## [What is being asked]
Your task is to transcribe each record exactly and to omit every image.
+===+
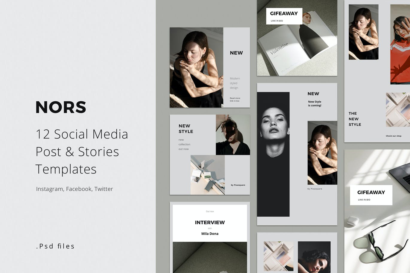 这次老不湿分享的是,简约清新时尚高端优雅instagram社交媒体banner海报设计模板集合,创意和时尚的社交媒体包包含12个设计。
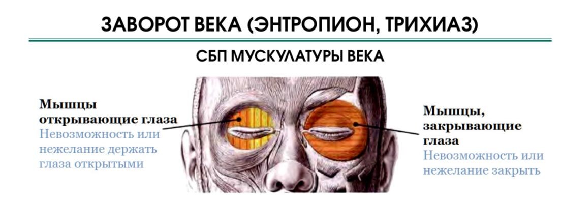 Задачей мышцы, закрывающей глаз (M. orbicularis), является закрывание века. Из-за повышенного напряжения этой мышцы ресницы заворачиваются внутрь и болезненно трутся о конъюнктиву. (= энтропион). Заворот века — это такое заболевание, при котором волосистая часть и слизисто–кожное соединение повернуты к глазному яблоку. В медицине заворот нижнего века является более распространенным, чем заворот верхнего. В основном болезнь поражает людей пожилого возраста. Врожденная форма заболевания встречается редко и идет вместе с другими генетическими номалиями. Энтропион чаще всего вызывает повреждение роговицы и конъюнктивы. В запущенных случаях может развиться язва роговицы и перфорации. При моргании, любом прикосновении обостряются болезненные ощущения. Симптомы данного заболевания проявляются, когда наружное веко трется о поверхность глаза. Среди симптомов выделяются: боль, синдром сухого глаза, раздражение, ухудшение зрительного восприятия. Возможно выделение из глаз слизи. У большинства
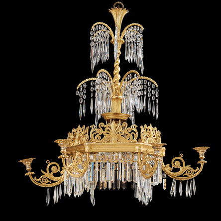 This project is a Karl Schinkel chandelier frame including metal and wood components.Karl Schinkel chandelier frame including metal and wood components. A related chandelier (not the subject) is shown above. In general, condition is fair/good. Some wood components have pieces broken off (but still extant), some minor losses. Metal components have overpaint and or small losses to gilding and base. Minor wood repairs/replacements will be needed. Most condition issues relate to the gilded surfaces. Goal is to have a consistent appearance reflecting the original intent plus appropriate, but not excessive age related conditions. No components should show previous partial repairs. Many components, particularly the metal pieces will be stripped and entirely regilded.
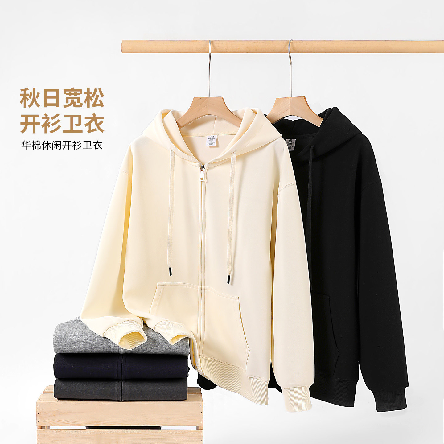 GENIOLAMODE捷尼拉莫连帽卫衣外套女款春季白色小个子宽松套头男
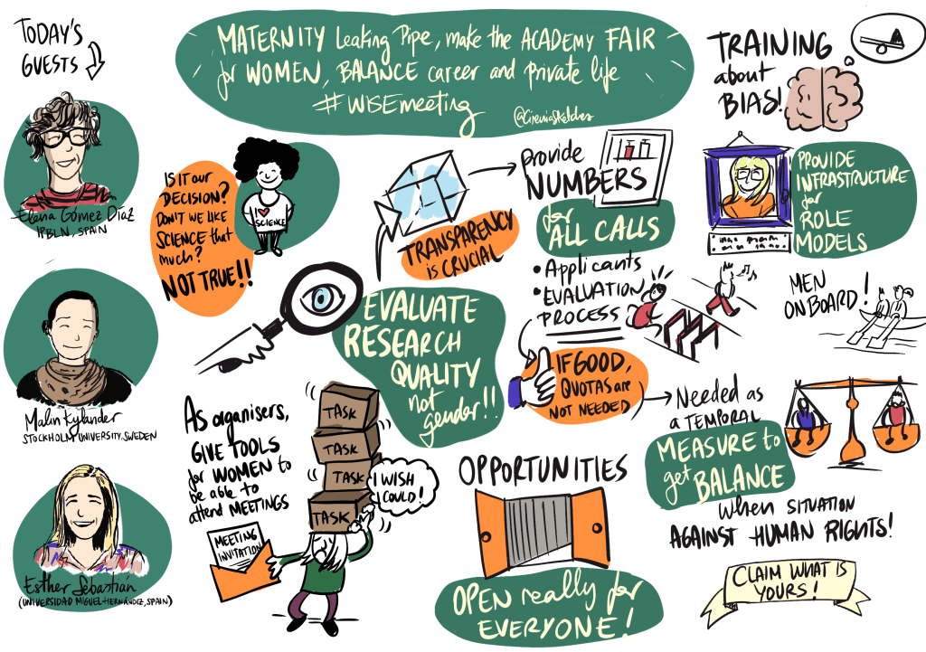 El objetivo de WISE fue generar un espacio de diálogo en el que detectar medidas y acciones urgentesa implantar en las diferentes sociedades ecológicas para revertir la situación actual, en la que cada vez hay menos mujeres que llegan a puestos de investigadoras o profesoras permanentes. Esta situación no se debe a que las mujeres carecen de calidad científica, sino a que las medidas para acabar con esta diferencia estructural injusta son claramente escasas e ineficientes.
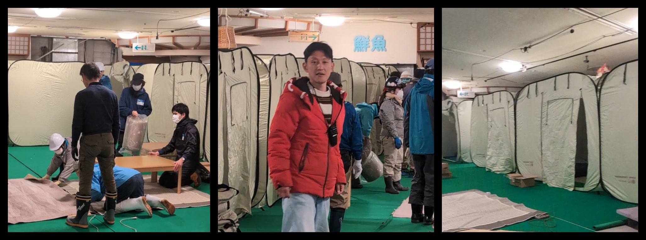 取り急ぎではありますがスーパー内の空スペースにテントを用意し休憩していただけるスペースを設けましたが、まだトイレも仮設で浴室もありません。
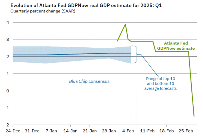 亚特兰大联储GDPNow模型周五更新数据显示,美国一季度经济预计将萎缩1.5%。若此预测成真,这将是自2022年第一季度以来,美国经济首次遭遇季度下滑。近期,一系列经济增长放缓的迹象出现,关于美国经济衰退的讨论愈演愈烈。
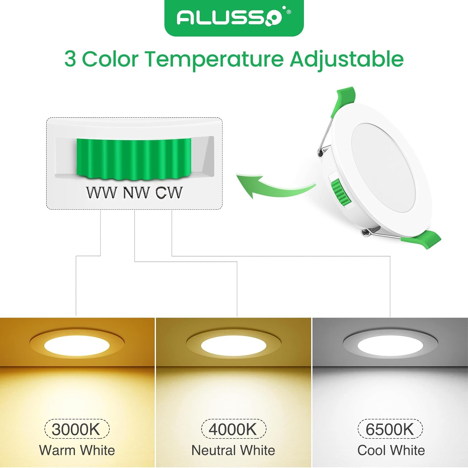 - CCT – 3 temperatury barwowe do wyboru - nowe wzornictwo, reflektory LED do zabudowy można ustawić na ciepłą biel (3000 K) lub neutralną biel (4000 K) lub zimną biel (6500 K), aby spełnić Twoje wymagania. Wystarczy wybrać kolor oświetlenia, który najlepiej pasuje do Twojego domu za pomocą zielonego przełącznika uchylnego. Przed instalacją należy wybrać żądany kolor oświetlenia.
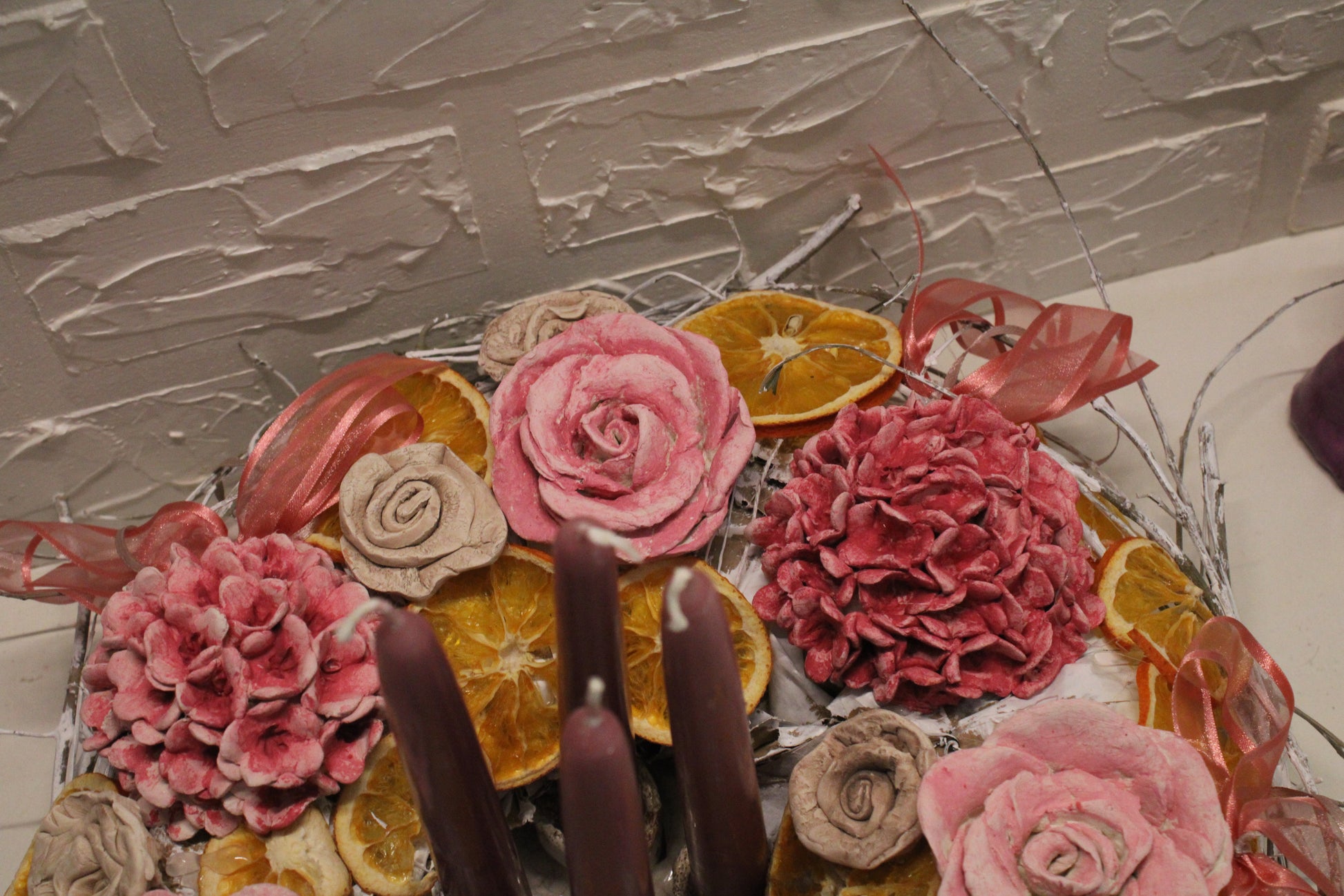 Uz keramičke cvjetove, vjenčić je obogaćen sušenim narančama, dekorativnim vrpcama i prirodnim teksturama koje stvaraju toplu, blagdansku atmosferu.
+===+
## [Task solution]
 这次老不湿分享的是,简约清新时尚高端优雅instagram社交媒体banner海报设计模板集合,创意和时尚的社交媒体包包含12个设计。
 Задачей мышцы, закрывающей глаз (M. orbicularis), является закрывание века. Из-за повышенного напряжения этой мышцы ресницы заворачиваются внутрь и болезненно трутся о конъюнктиву. (= энтропион). Заворот века — это такое заболевание, при котором волосистая часть и слизисто–кожное соединение повернуты к глазному яблоку. В медицине заворот нижнего века является более распространенным, чем заворот верхнего. В основном болезнь поражает людей пожилого возраста. Врожденная форма заболевания встречается редко и идет вместе с другими генетическими номалиями. Энтропион чаще всего вызывает повреждение роговицы и конъюнктивы. В запущенных случаях может развиться язва роговицы и перфорации. При моргании, любом прикосновении обостряются болезненные ощущения. Симптомы данного заболевания проявляются, когда наружное веко трется о поверхность глаза. Среди симптомов выделяются: боль, синдром сухого глаза, раздражение, ухудшение зрительного восприятия. Возможно выделение из глаз слизи. У большинства
 This project is a Karl Schinkel chandelier frame including metal and wood components.Karl Schinkel chandelier frame including metal and wood components. A related chandelier (not the subject) is shown above. In general, condition is fair/good. Some wood components have pieces broken off (but still extant), some minor losses. Metal components have overpaint and or small losses to gilding and base. Minor wood repairs/replacements will be needed. Most condition issues relate to the gilded surfaces. Goal is to have a consistent appearance reflecting the original intent plus appropriate, but not excessive age related conditions. No components should show previous partial repairs. Many components, particularly the metal pieces will be stripped and entirely regilded.
 GENIOLAMODE捷尼拉莫连帽卫衣外套女款春季白色小个子宽松套头男
 El objetivo de WISE fue generar un espacio de diálogo en el que detectar medidas y acciones urgentesa implantar en las diferentes sociedades ecológicas para revertir la situación actual, en la que cada vez hay menos mujeres que llegan a puestos de investigadoras o profesoras permanentes. Esta situación no se debe a que las mujeres carecen de calidad científica, sino a que las medidas para acabar con esta diferencia estructural injusta son claramente escasas e ineficientes.
 取り急ぎではありますがスーパー内の空スペースにテントを用意し休憩していただけるスペースを設けましたが、まだトイレも仮設で浴室もありません。
 亚特兰大联储GDPNow模型周五更新数据显示,美国一季度经济预计将萎缩1.5%。若此预测成真,这将是自2022年第一季度以来,美国经济首次遭遇季度下滑。近期,一系列经济增长放缓的迹象出现,关于美国经济衰退的讨论愈演愈烈。
 - CCT – 3 temperatury barwowe do wyboru - nowe wzornictwo, reflektory LED do zabudowy można ustawić na ciepłą biel (3000 K) lub neutralną biel (4000 K) lub zimną biel (6500 K), aby spełnić Twoje wymagania. Wystarczy wybrać kolor oświetlenia, który najlepiej pasuje do Twojego domu za pomocą zielonego przełącznika uchylnego. Przed instalacją należy wybrać żądany kolor oświetlenia.
 Uz keramičke cvjetove, vjenčić je obogaćen sušenim narančama, dekorativnim vrpcama i prirodnim teksturama koje stvaraju toplu, blagdansku atmosferu.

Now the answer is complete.